### Input
----------------------------------------

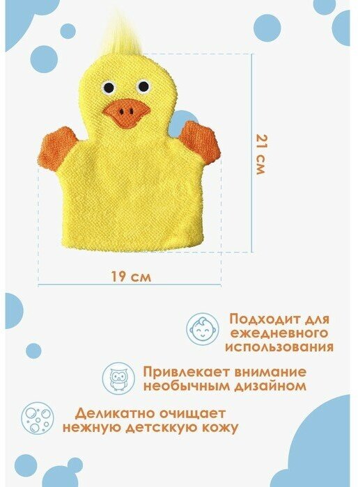 Мочалка варежка детская Доляна «Уточка», для купания, 21 см информация:
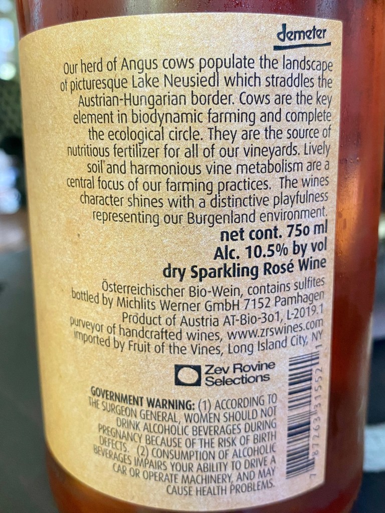 I’ll be honest, I couldn’t pass up the cute little cow on this label. I was shopping for wines to drink along with the Society of Wine Educators virtual conference that took place in August of this year. This wine was a good choice for several of the sessions: sparkling wine, Germany/Austria, rosé, and climate change since this wine is Demeter certified. Somehow I ended up opening for the session on Tuscany. Wait, what? I know, I know, that makes no sense. But it was the last session and it was Friday afternoon.
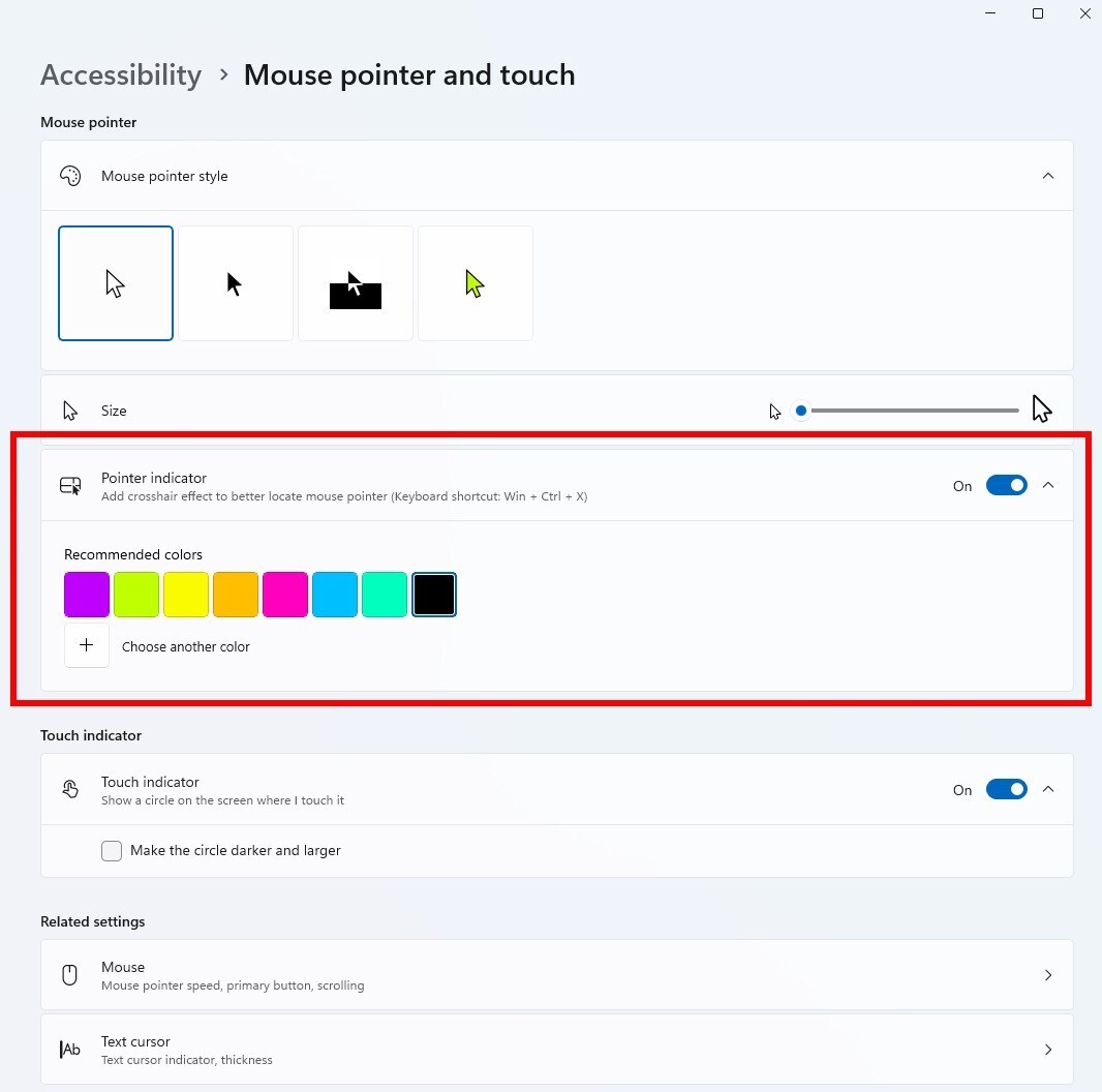 [Pointer Indicator: Accessibility setting for low vision Windows users]
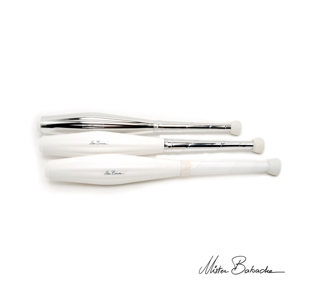 Die Mr. Babache Flash wurde in Zusammenarbeit mit Profi- und Tempojongleur Mario Berousek entwickelt. Sie ist darauf ausgelegt möglichst leicht schnelle Drehungen und hohe Würfe zu ermöglichen. Dafür sind ihr schmaler Body und der kurze, schlanke Griff beste Voraussetzungen. Die geriffelte Form des Bodys und die edle Optik mit silbernem Body, silbernem Griff und weißen Knobs und Tops machen diese Keule außerdem zu einem echten Hingucker auf der Bühne oder beim Training.
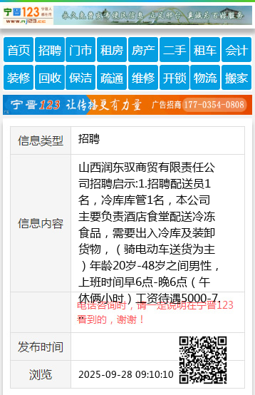 1.招聘配送员1名,冷库库管1名,本公司主要负责酒店食堂配送冷冻食品,需要出入冷库及装卸货物,(骑电动车送货为主)

----------------------------------------

### Description of the task
Exactly as written, give again every line from the one containing "Die Mr. Babache" through the last line of the material, both included, with the pictures left out.

### Written response
 Die Mr. Babache Flash wurde in Zusammenarbeit mit Profi- und Tempojongleur Mario Berousek entwickelt. Sie ist darauf ausgelegt möglichst leicht schnelle Drehungen und hohe Würfe zu ermöglichen. Dafür sind ihr schmaler Body und der kurze, schlanke Griff beste Voraussetzungen. Die geriffelte Form des Bodys und die edle Optik mit silbernem Body, silbernem Griff und weißen Knobs und Tops machen diese Keule außerdem zu einem echten Hingucker auf der Bühne oder beim Training.
 1.招聘配送员1名,冷库库管1名,本公司主要负责酒店食堂配送冷冻食品,需要出入冷库及装卸货物,(骑电动车送货为主)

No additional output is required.